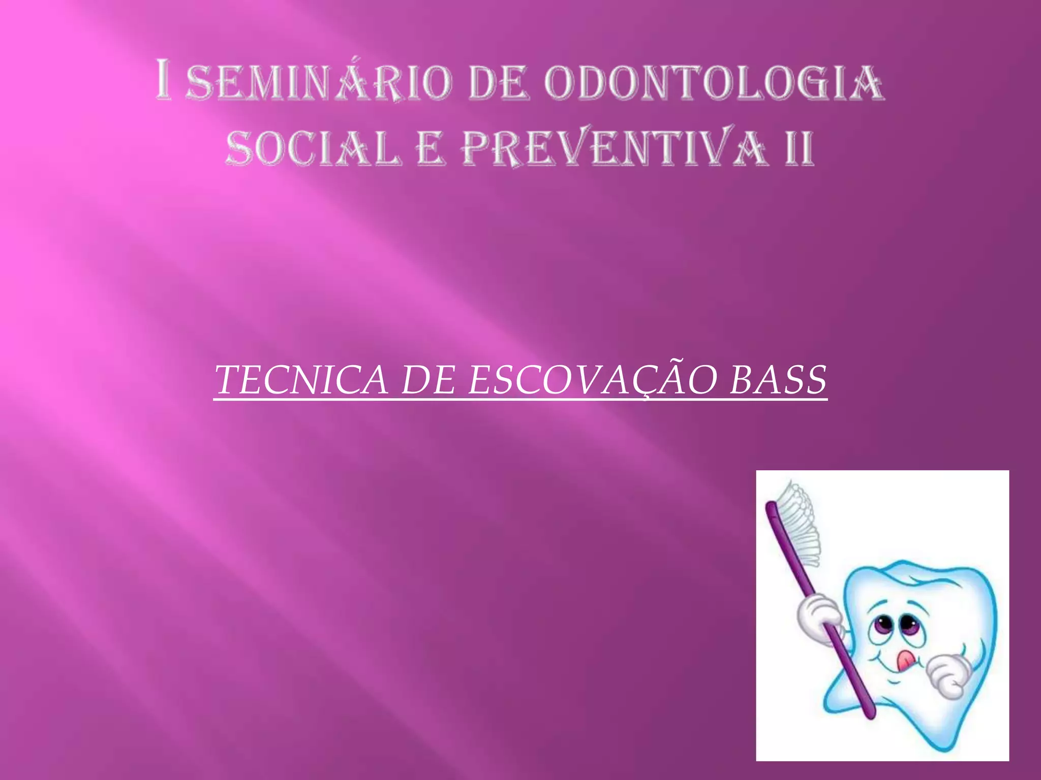 O documento descreve um seminário de odontologia social e preventiva que apresentou a técnica de escovação BASS. Dois acadêmicos, Fabiula Tecchio e Liz Ferreira, apresentaram a técnica enquanto Niéphore Niépce e Paulo Bosisio também participaram do evento.
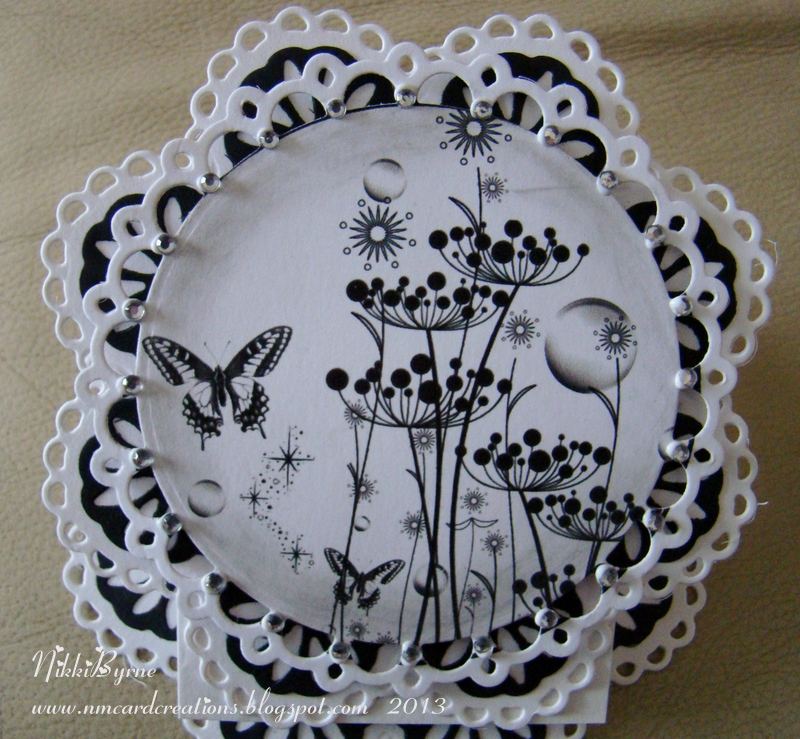 This beautiful image is from bugaboo stamps , the image is called dandelionsbflies and I have used a black chalk to distress it and the rest of the white card. I have also used clear mini gems around the edge of the top circle
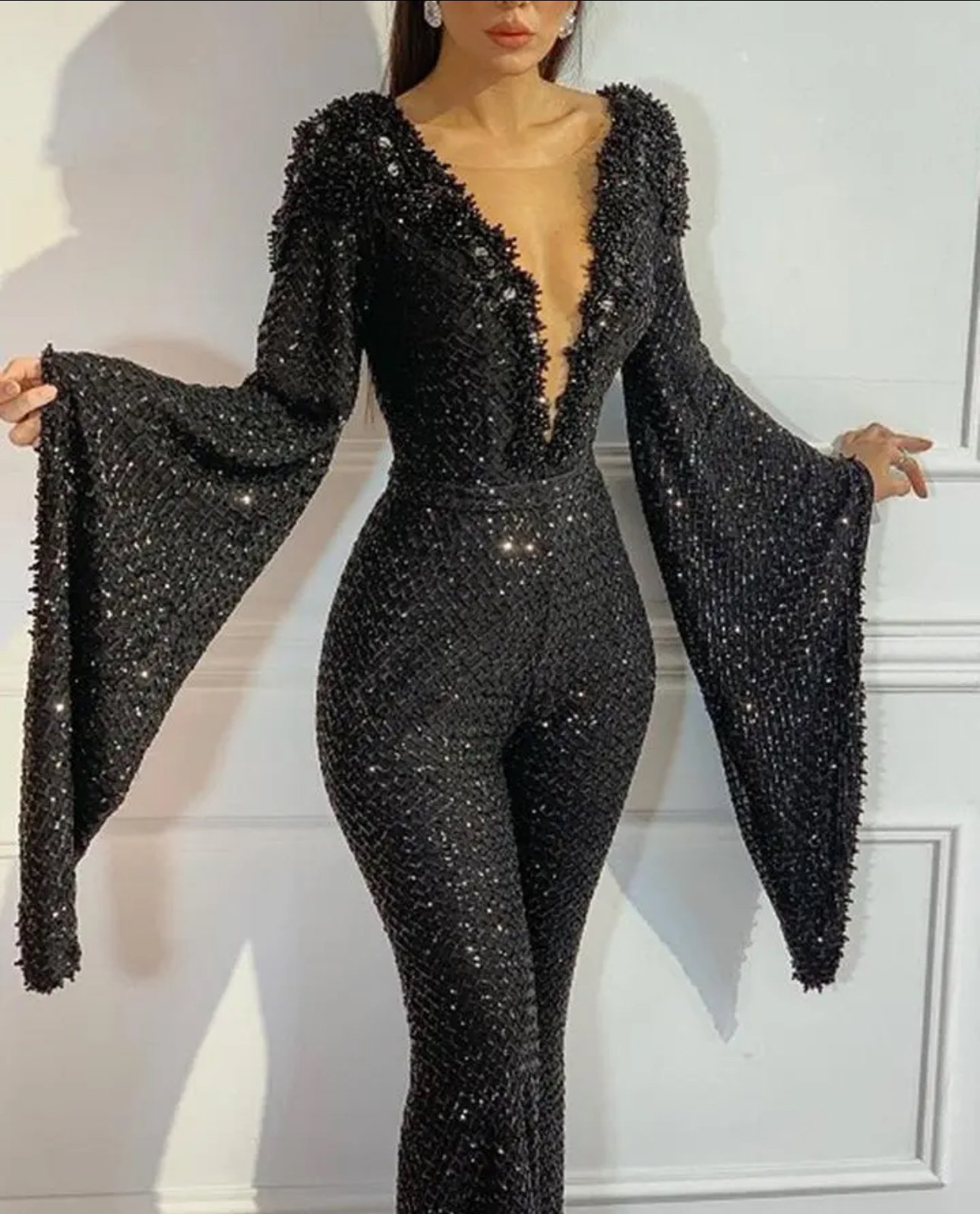 Black Sequin Deep V Bell-Sleeve Jumpsuit

# YOUR OBJECTIVE
Please retype the whole listing above word for word and drop the pictures.

# OUTPUT BELOW
 O documento descreve um seminário de odontologia social e preventiva que apresentou a técnica de escovação BASS. Dois acadêmicos, Fabiula Tecchio e Liz Ferreira, apresentaram a técnica enquanto Niéphore Niépce e Paulo Bosisio também participaram do evento.
 This beautiful image is from bugaboo stamps , the image is called dandelionsbflies and I have used a black chalk to distress it and the rest of the white card. I have also used clear mini gems around the edge of the top circle
 Black Sequin Deep V Bell-Sleeve Jumpsuit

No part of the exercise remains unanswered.